→ **TO DO**
Word for word, retype the lines from the one containing "Why I Picked" to the one containing "FROG HOODIE MODAKAWA" below, keeping both end lines and dropping the pictures.

____________________

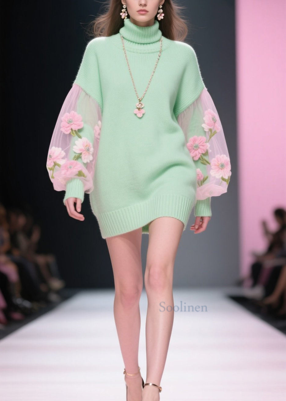 Stylish Hign Neck Tulle Patchwork Knit Sweater Dress Winter
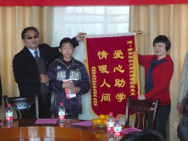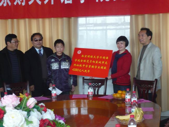 随后,党员们来到了盐城市龙冈初级中学开展奉献爱心活动。盐都区教育红十字会姜洪年会长、应文忠副会长、龙冈镇教育红十字会宋全生会长、盐城市龙冈初中董事长朱家信等十分热情地予以接待。捐赠仪式由盐都区龙冈镇教育工作负责人宋仓生主持。参加此次捐赠活动的有EVO真人视讯全体党政领导和教师党员。首先公司党总支书记肖辉教授代表EVO真人视讯全体师生党员热情接待、精心安排和为公司在“争先创优,奉献爱心”活动中搭建这么好的平台的龙冈中学表示了衷心的感谢,并就此次活动的形成和意义做了讲话,同时衷心希望接受捐赠的黄鑫同学好好学习、天天向上、早日成为国家的栋梁。随后龙冈镇教育局副局长姜洪年也代表龙冈镇教育局对我们的这次捐赠活动的重要意义表示充分肯定,并对EVO真人视讯的到来表示了热烈的欢迎。经理王克明教授也对龙冈中学的热情接待表示了衷心感谢。隆重的捐赠仪式正式开始。公司向黄鑫同学当场捐赠了全体师生党员捐款4380元及图书40余册。与此同时也公司接受了盐城市龙冈初中员工家长黄利军赠给公司的“爱心助学、情暖人间”的锦旗。黄鑫同学虽遭遇家庭不幸,父亲瘫痪在床,母亲下岗,但仍自强不息,勤奋学习,成绩优异,公司党总支将全体师生党员捐款及图书当场捐给他,勉励他克服困难,积极奋进,以优异的成绩回报党和人民。接着,公司党员教师结合自身的专业特点和龙冈中学部分同学开展了英语交流活动,在热烈轻松的氛围中,师生共同探讨英语学习的经验与技巧,激发了员工学习英语的兴趣,增强了他们的口语交际能力。最后党员们还在龙冈镇中合影留念。
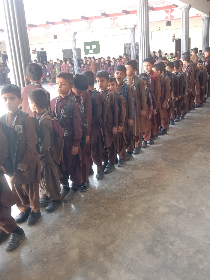 A long line of approximately 40-50 school-aged boys, estimated between 7 and 14 years old, stands in an outdoor covered walkway of a building in a city of Unknown, Unknown. The boys wear brown or maroon traditional uniforms (shalwar kameez style) and dark shoes. Many carry backpacks and display lanyards with identification cards around their necks. The line extends from the foreground to the background, with the boys maintaining a generally attentive posture. The walkway features a light grey concrete floor and a roof supported by numerous white cylindrical columns. Reddish-brown architectural details are visible on the roof structure. In the background, a light-colored building wall displays a dark green geometric symbol. The scene is illuminated by natural daylight.
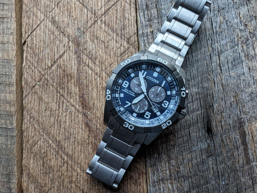Why I Picked It: It’s a titanium, solar-powered chronograph with lume that punches way above its class—a true everyday chrono that blends toughness with style.
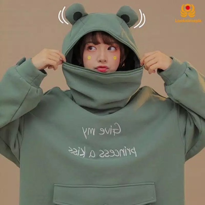 FROG HOODIE MODAKAWA WITH ZIPPER PULLOVER (SIZE TULIS DI CHAT) - ADA TULISAN, M
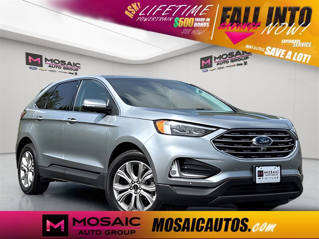 2023 Ford 4D Sport Utility Edge Titanium Silver Metallic Edge Titanium AWD, 4D Sport Utility, EcoBoost 2.0L I4 GTDi DOHC Turbocharged VCT, 8-Speed Automatic, AWD, Silver Metallic, ActiveX Trimmed w/FreeForm Sport Bucket Seats, Adaptive Cruise Control w/Stop & Go, Adaptive LED Headlamps, Auto-Dimming Driver's Sideview Mirror, Connected Built-In Navigation, Cooled Front Seats, Equipment Group 301A, Evasive Steering Assist, Front 180-Degree Camera w/Split View, Heated Rear Seats, Lane Centering, Power Tilt/Telescoping Steering Column w/Memory. EcoBoost 2.0L I4 GTDi DOHC Turbocharged VCT 8-Speed Automatic AWD
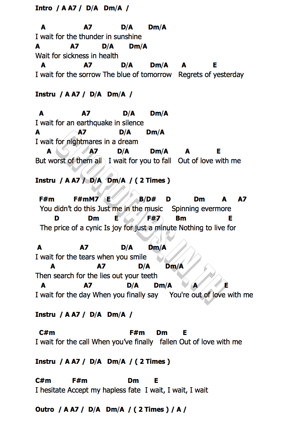 คอร์ดเพลง I Wait I Wait I Wait
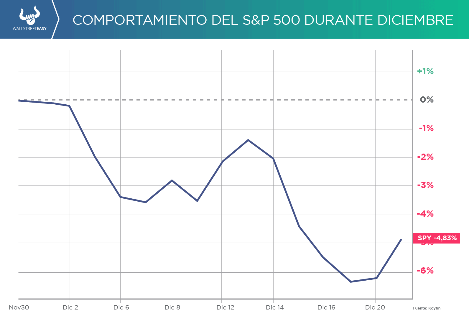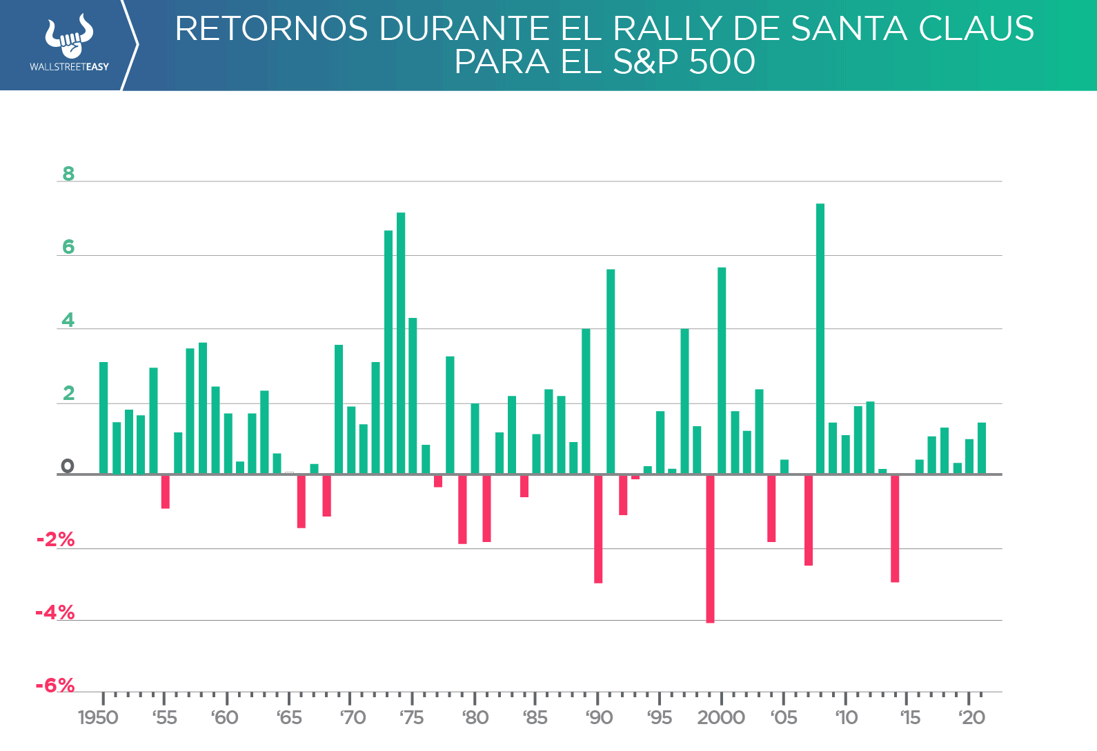 ESPERA, RETROCEDE El Rally de Santa Claus es un aumento sostenido en el mercado de valores que se produce en la última semana de diciembre hasta los dos primeros días de enero. Existen numerosas explicaciones sobre las causas, desde consideraciones fiscales hasta el sentimiento general de optimismo en Wall Street. DAME CONTEXTO Otra teoría afirma que algunos grandes inversionistas tienden a irse de vacaciones, dejando el mercado a inversores menores, que tienden a ser más optimistas. A pesar de un diciembre negativo hasta los momentos (-4,63%) para los mercados, todavía existe la posibilidad de que se dé el rally de Santa Claus en lo que queda de mes, si la historia sirve de guía.
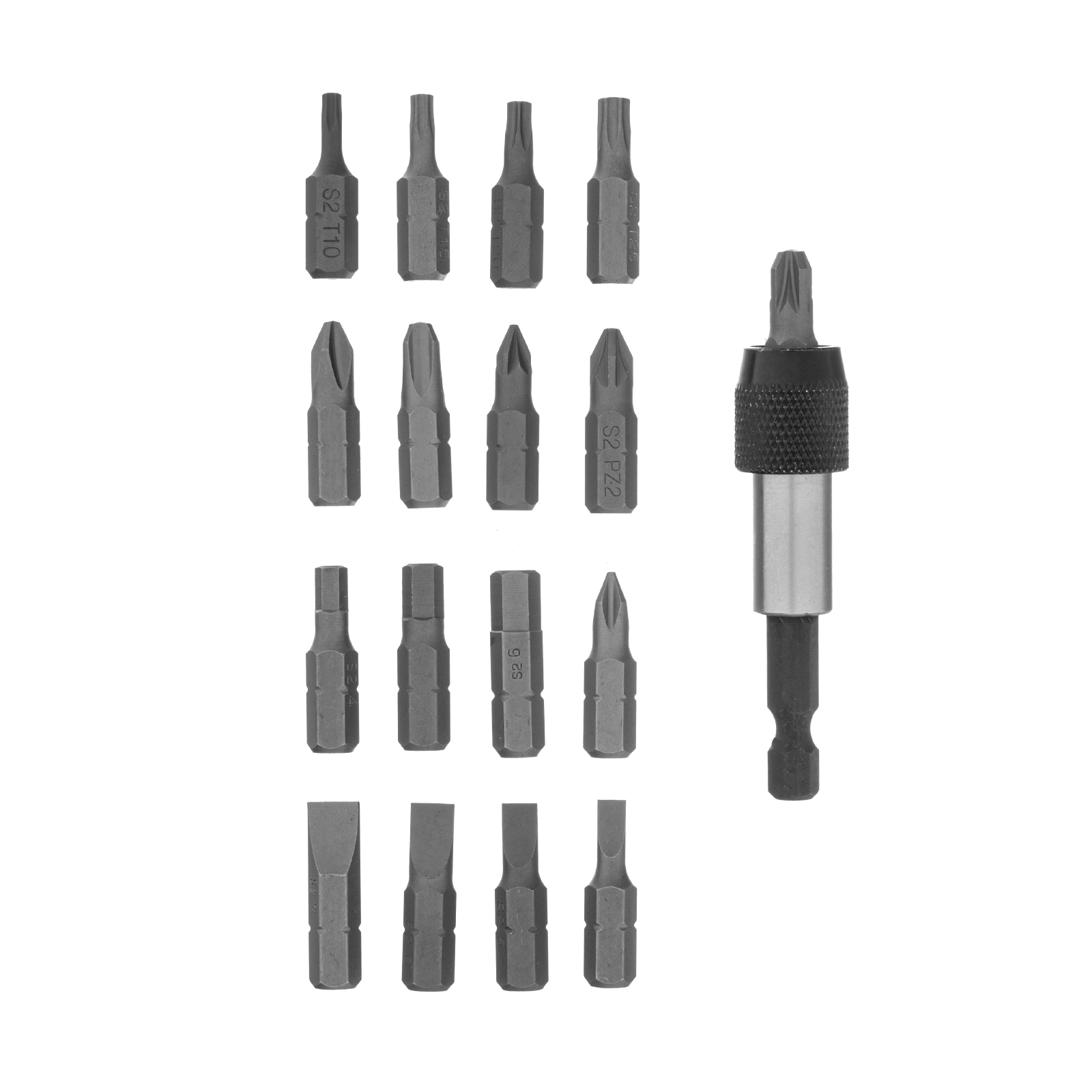 Пластиковый кейс - 1 штБиты: PH1, PH2, PH3, PZ1, PZ2, PZ3, SL4, SL5, SL6, SL7, T10, T15, T20, T25, H4, H5, H6 - 17 штБитодержатель с быстрозажимным механизмом - 1 штДержатель бит - 1 шт |

____________________

→ **REPLY**
Why I Picked It: It’s a titanium, solar-powered chronograph with lume that punches way above its class—a true everyday chrono that blends toughness with style.
 FROG HOODIE MODAKAWA WITH ZIPPER PULLOVER (SIZE TULIS DI CHAT) - ADA TULISAN, M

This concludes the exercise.